**EXERCISE GOAL:**
The data must be given again exactly as written, with all images omitted.

Data entries:
= Beginning of Section =
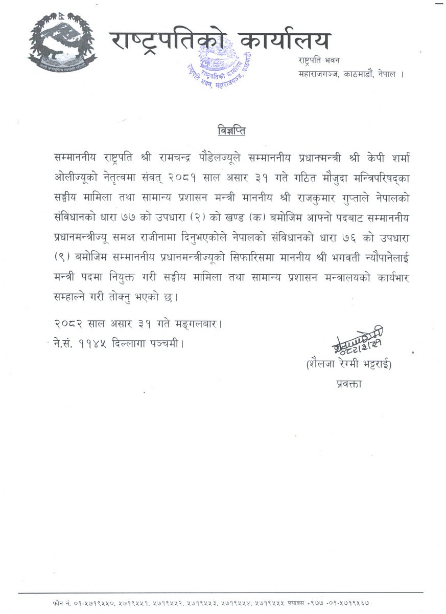 राष्ट्रपति कार्यालयकी प्रवक्ता शैलजा रेग्मी भट्टराईद्वारा जारी विज्ञप्तिअनुसार, न्यौपानेलाई संघीय मामिला तथा सामान्य प्रशासन मन्त्रालयको जिम्मेवारी प्रदान गरिएको छ। यसअघि सो मन्त्रालयका मन्त्री राजकुमार गुप्ताले भ्रष्टाचारसम्बन्धी आरोपमा मुछिएपछि मंगलबार संविधानको धारा ७७ को उपधारा (२) को खण्ड (क) बमोजिम प्रधानमन्त्रीसमक्ष राजीनामा दिएका थिए।
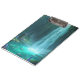 A glowing waterfall cascades into a turquoise pool, surrounded by vibrant crystals and lush moss.
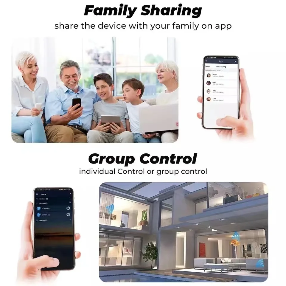 Um toque para compartilhar o plugue inteligente com seu membro da família pelo aplicativo para eliminar processos de configuração extras. A conta principal tem as permissões exclusivas, um clique para compartilhar as permissões com toda a família. deixe a família desfrutar da diversão da vida inteligente!
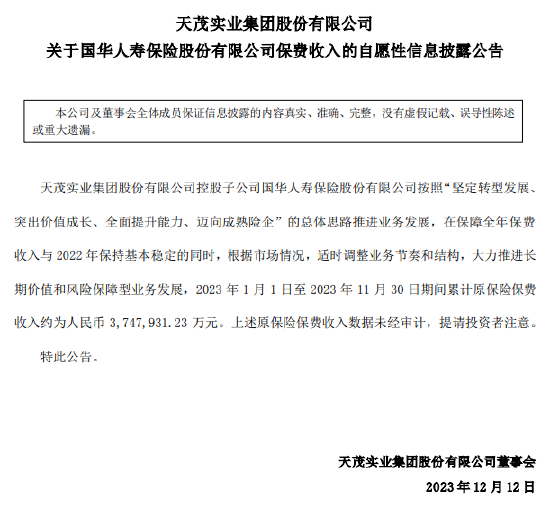 国华人寿前11月保费收入约374.79亿元
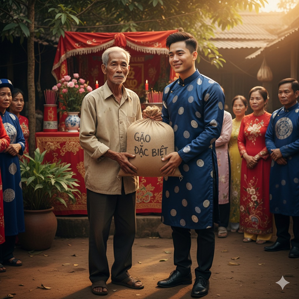 Ngày cưới tôi, trong khi bạn bè được cha mẹ trao vàng vòng, tiền bạc, còn tôi chỉ nhận được từ cha một món quà: một bao gạo nặng trĩu.
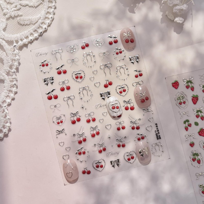 Cherry Nail Stickers Summer Nail Decals Silver Bow Nail Art Stickers 5D Embossed Bow Cherry Design Nails Adhesive Sticker Cute Fruit Nail Art Supplies Nail Charms Accessories Decorations 1PCS
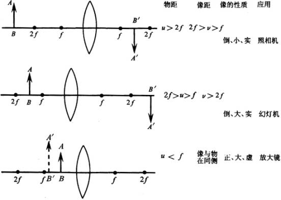 研究物体位于1倍焦距与2倍焦距之间(画出板图)、位于焦点以里(画出板图),两个位置凸透镜的成像情况(包括像的位置,像的性质(指像与物比是放大还是缩小、像是倒立还是正立,是虚像还是实像)).我们用u来表示物体到透镜的距离,用v表示像到透镜的距离、f表示焦距.
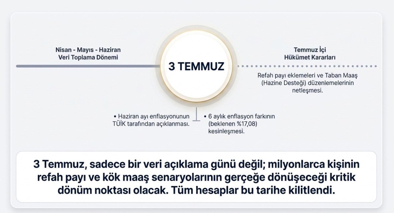 Zam oranlarının kesinleşmesi için Haziran ayı enflasyon verisinin açıklanması bekleniyor. 3 Temmuz'da duyurulacak veriyle birlikte 6 aylık enflasyon netleşecek ve maaş artışları kesinlik kazanacak.
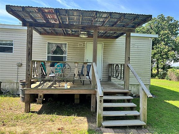 Discover the charm of this beautifully maintained 1700 square foot home set on a sprawling 30-acre fully fenced property. This picturesque estate features two ponds, with the larger one stocked with bass and perfect for easy fishing. With a storm cellar, while multiple outbuildings offer ample storage space. The property includes a well-equipped corral with a dedicated waterline, ensuring convenience for animal care. Additionally, there is an RV spot complete with water and electric connections. The old tin barn adds a touch of rustic appeal and includes an enclosed area previously used for chickens and puppies. Inside the home, the fridge, stove, and dishwasher are included. With rural water service and meticulous upkeep, this property is a rare find. Don't miss the chance to make it yours before it's gone!
= End of Section =
**SOLVED PROBLEM:**
 राष्ट्रपति कार्यालयकी प्रवक्ता शैलजा रेग्मी भट्टराईद्वारा जारी विज्ञप्तिअनुसार, न्यौपानेलाई संघीय मामिला तथा सामान्य प्रशासन मन्त्रालयको जिम्मेवारी प्रदान गरिएको छ। यसअघि सो मन्त्रालयका मन्त्री राजकुमार गुप्ताले भ्रष्टाचारसम्बन्धी आरोपमा मुछिएपछि मंगलबार संविधानको धारा ७७ को उपधारा (२) को खण्ड (क) बमोजिम प्रधानमन्त्रीसमक्ष राजीनामा दिएका थिए।
 A glowing waterfall cascades into a turquoise pool, surrounded by vibrant crystals and lush moss.
 Um toque para compartilhar o plugue inteligente com seu membro da família pelo aplicativo para eliminar processos de configuração extras. A conta principal tem as permissões exclusivas, um clique para compartilhar as permissões com toda a família. deixe a família desfrutar da diversão da vida inteligente!
 国华人寿前11月保费收入约374.79亿元
 Ngày cưới tôi, trong khi bạn bè được cha mẹ trao vàng vòng, tiền bạc, còn tôi chỉ nhận được từ cha một món quà: một bao gạo nặng trĩu.
 Cherry Nail Stickers Summer Nail Decals Silver Bow Nail Art Stickers 5D Embossed Bow Cherry Design Nails Adhesive Sticker Cute Fruit Nail Art Supplies Nail Charms Accessories Decorations 1PCS
 研究物体位于1倍焦距与2倍焦距之间(画出板图)、位于焦点以里(画出板图),两个位置凸透镜的成像情况(包括像的位置,像的性质(指像与物比是放大还是缩小、像是倒立还是正立,是虚像还是实像)).我们用u来表示物体到透镜的距离,用v表示像到透镜的距离、f表示焦距.
 Zam oranlarının kesinleşmesi için Haziran ayı enflasyon verisinin açıklanması bekleniyor. 3 Temmuz'da duyurulacak veriyle birlikte 6 aylık enflasyon netleşecek ve maaş artışları kesinlik kazanacak.
 Discover the charm of this beautifully maintained 1700 square foot home set on a sprawling 30-acre fully fenced property. This picturesque estate features two ponds, with the larger one stocked with bass and perfect for easy fishing. With a storm cellar, while multiple outbuildings offer ample storage space. The property includes a well-equipped corral with a dedicated waterline, ensuring convenience for animal care. Additionally, there is an RV spot complete with water and electric connections. The old tin barn adds a touch of rustic appeal and includes an enclosed area previously used for chickens and puppies. Inside the home, the fridge, stove, and dishwasher are included. With rural water service and meticulous upkeep, this property is a rare find. Don't miss the chance to make it yours before it's gone!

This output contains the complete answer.